§ **INFORMATION SUPPLIED**:
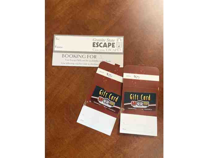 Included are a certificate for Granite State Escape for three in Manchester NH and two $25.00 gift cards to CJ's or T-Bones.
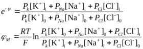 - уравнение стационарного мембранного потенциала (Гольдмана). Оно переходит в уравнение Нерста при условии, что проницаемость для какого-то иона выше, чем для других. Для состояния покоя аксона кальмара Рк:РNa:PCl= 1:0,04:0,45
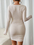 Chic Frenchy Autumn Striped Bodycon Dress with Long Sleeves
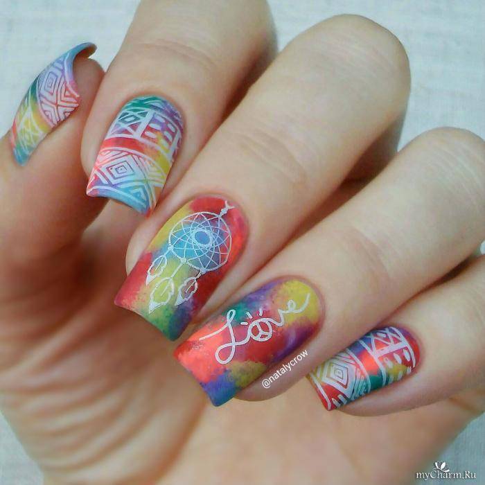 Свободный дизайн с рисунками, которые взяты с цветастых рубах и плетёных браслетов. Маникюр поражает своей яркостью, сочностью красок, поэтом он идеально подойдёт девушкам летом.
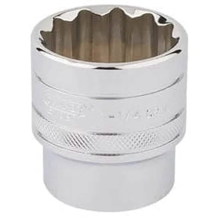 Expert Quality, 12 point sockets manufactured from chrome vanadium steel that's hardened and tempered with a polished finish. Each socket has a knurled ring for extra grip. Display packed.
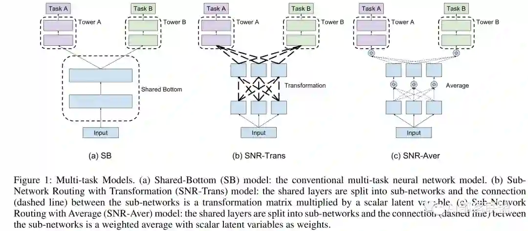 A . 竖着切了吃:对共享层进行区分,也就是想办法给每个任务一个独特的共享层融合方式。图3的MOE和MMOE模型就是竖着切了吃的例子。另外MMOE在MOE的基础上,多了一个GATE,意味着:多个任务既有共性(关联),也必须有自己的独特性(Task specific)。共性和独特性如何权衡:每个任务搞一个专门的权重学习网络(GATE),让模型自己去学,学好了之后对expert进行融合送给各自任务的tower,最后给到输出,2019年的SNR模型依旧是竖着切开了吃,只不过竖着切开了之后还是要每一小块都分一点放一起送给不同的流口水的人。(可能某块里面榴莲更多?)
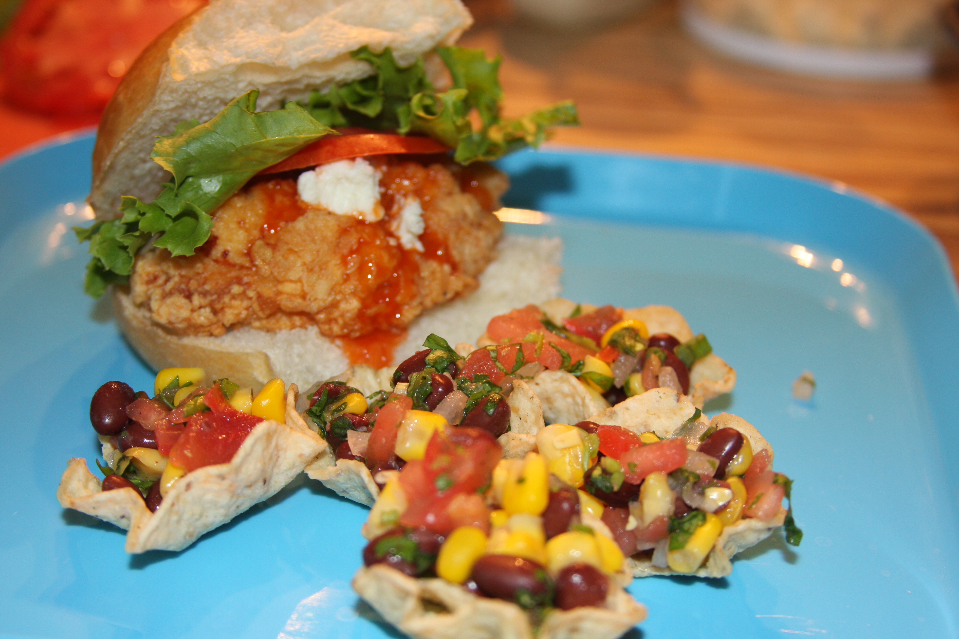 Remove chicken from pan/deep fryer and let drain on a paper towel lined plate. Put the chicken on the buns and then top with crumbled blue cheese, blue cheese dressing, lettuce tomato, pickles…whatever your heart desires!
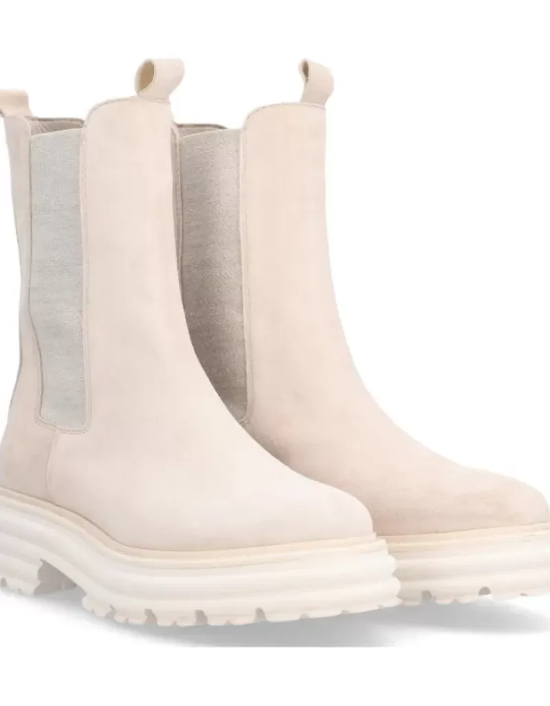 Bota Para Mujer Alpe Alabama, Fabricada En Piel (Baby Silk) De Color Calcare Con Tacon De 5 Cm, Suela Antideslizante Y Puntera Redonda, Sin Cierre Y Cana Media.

§ **WORK ITEM**: Where a picture appears, skip it; repeat everything else in the data exactly.

§ **TASK RESPONSE**:
 Included are a certificate for Granite State Escape for three in Manchester NH and two $25.00 gift cards to CJ's or T-Bones.
 - уравнение стационарного мембранного потенциала (Гольдмана). Оно переходит в уравнение Нерста при условии, что проницаемость для какого-то иона выше, чем для других. Для состояния покоя аксона кальмара Рк:РNa:PCl= 1:0,04:0,45
 Chic Frenchy Autumn Striped Bodycon Dress with Long Sleeves
 Свободный дизайн с рисунками, которые взяты с цветастых рубах и плетёных браслетов. Маникюр поражает своей яркостью, сочностью красок, поэтом он идеально подойдёт девушкам летом.
 Expert Quality, 12 point sockets manufactured from chrome vanadium steel that's hardened and tempered with a polished finish. Each socket has a knurled ring for extra grip. Display packed.
 A . 竖着切了吃:对共享层进行区分,也就是想办法给每个任务一个独特的共享层融合方式。图3的MOE和MMOE模型就是竖着切了吃的例子。另外MMOE在MOE的基础上,多了一个GATE,意味着:多个任务既有共性(关联),也必须有自己的独特性(Task specific)。共性和独特性如何权衡:每个任务搞一个专门的权重学习网络(GATE),让模型自己去学,学好了之后对expert进行融合送给各自任务的tower,最后给到输出,2019年的SNR模型依旧是竖着切开了吃,只不过竖着切开了之后还是要每一小块都分一点放一起送给不同的流口水的人。(可能某块里面榴莲更多?)
 Remove chicken from pan/deep fryer and let drain on a paper towel lined plate. Put the chicken on the buns and then top with crumbled blue cheese, blue cheese dressing, lettuce tomato, pickles…whatever your heart desires!
 Bota Para Mujer Alpe Alabama, Fabricada En Piel (Baby Silk) De Color Calcare Con Tacon De 5 Cm, Suela Antideslizante Y Puntera Redonda, Sin Cierre Y Cana Media.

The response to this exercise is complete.